| As an engineer I find myself in this type of situation quite often - if anyone can point me to some good resources or has any advice, I'd be quite grateful: - Some non-technical stakeholder comes to me and says "can we solve this problem with Machine Learning?" usually it's something like "there need to be two supervisors on the factory floor at all times, and I want an email alert everytime there are less than 2 supervisors for more than 20 minutes" - I ask for some sample footage to build a prototype and get a few very poor quality videos, at a very different standard from what I see in most of these tutorials. - I find some pre-trained model that is able to do people detection or face detection and return bounding rectangles and download it in whatever form - After about 30 minutes of fiddling and googling errors, I run it against the sample footage - I get about 60% accuracy - this is no good. Where do I go from here? Keep trying different models? There are all sorts of models like YOLO and SSD and RetinaNet and YOLO2 and YOLO3. - At some point I try a bunch of models and all of them are at best 75% good. At this point I figure I should train it with my own dataset, and so I guess I need to arrange to have this stuff labelled. In my experience stakeholders are usually willing to appoint someone to do it but they want to know how much footage they need to label and whether their team will need special training to do the labelling and after it's all done is this even going to work? What are some effective / opinionated workflows for this part of the overall process that have worked well for you? What's a labelling tool that non-technical users can use intuitively? How good are tools/services like Mechanical Turk and Ground Truth? This part of the process costs time and money - stakeholders, particularly managers who are non-technical tend to want an answer beforehand - "If we spend all this time and money labelling footage, how well is this going to work? How much footage do we need to label?". How do you handle these kinds of conversations? I find this space fairly well-populated with ML tutorials and resources but haven't been able to find content that is focused on this part of the process. |
I believe your issue can be easily solved - have supervisors wear a distinctive color from a non-supervisor. For example let's say it's yellow.

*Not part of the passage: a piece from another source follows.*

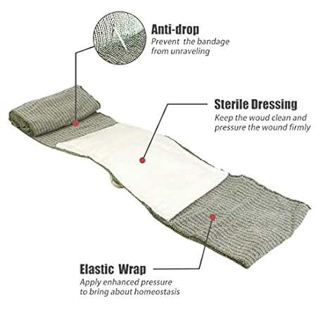 Thông tin sản phẩm RHINO RESCUE 6" Israeli Style Emergency Bandage, Compression Trauma Wound Dressing, Medical Sterile Vacuum Sealed, Combat Tactical First Aid Kit IFAK Supplies, 2 Count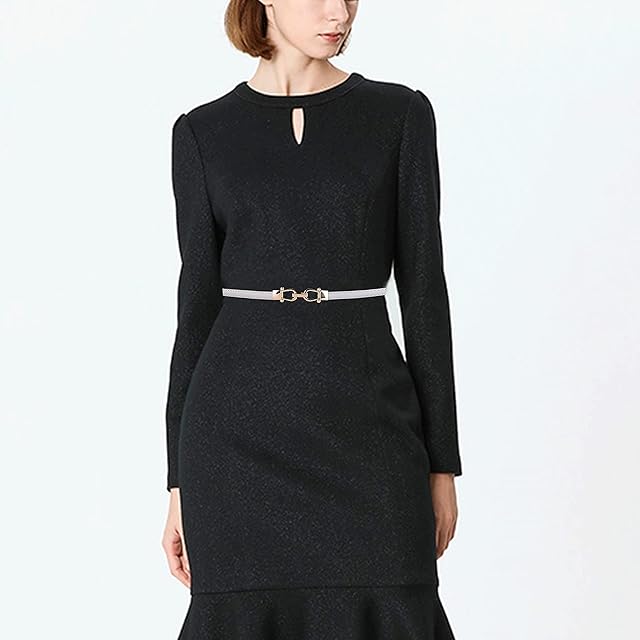 デザインのメリット:①スライドのデザインで、簡単にご自分のジャストサイズに調整できる。②エレガントな細いベルトで、パンツだけではなくて、チュニックやシャツとのコーディネートも綺麗。

OK so now you have yellow wearing supervisors and everyone else. To resolve the issue you have described acquire a month or so of footage, with labels per minute describing how many yellow wearing supervisors and how many people (in total) there are.
So the data you have is:
1. Yellow wearing supervisors
2. Total amount of workers on the floor
Then with this data you can train a network to do what you're describing pretty easily. Assuming there are a lot of workers on the floor, trying to do person detection or face detection would require too much data. Just have a uniform enforced and train on the colors/presence.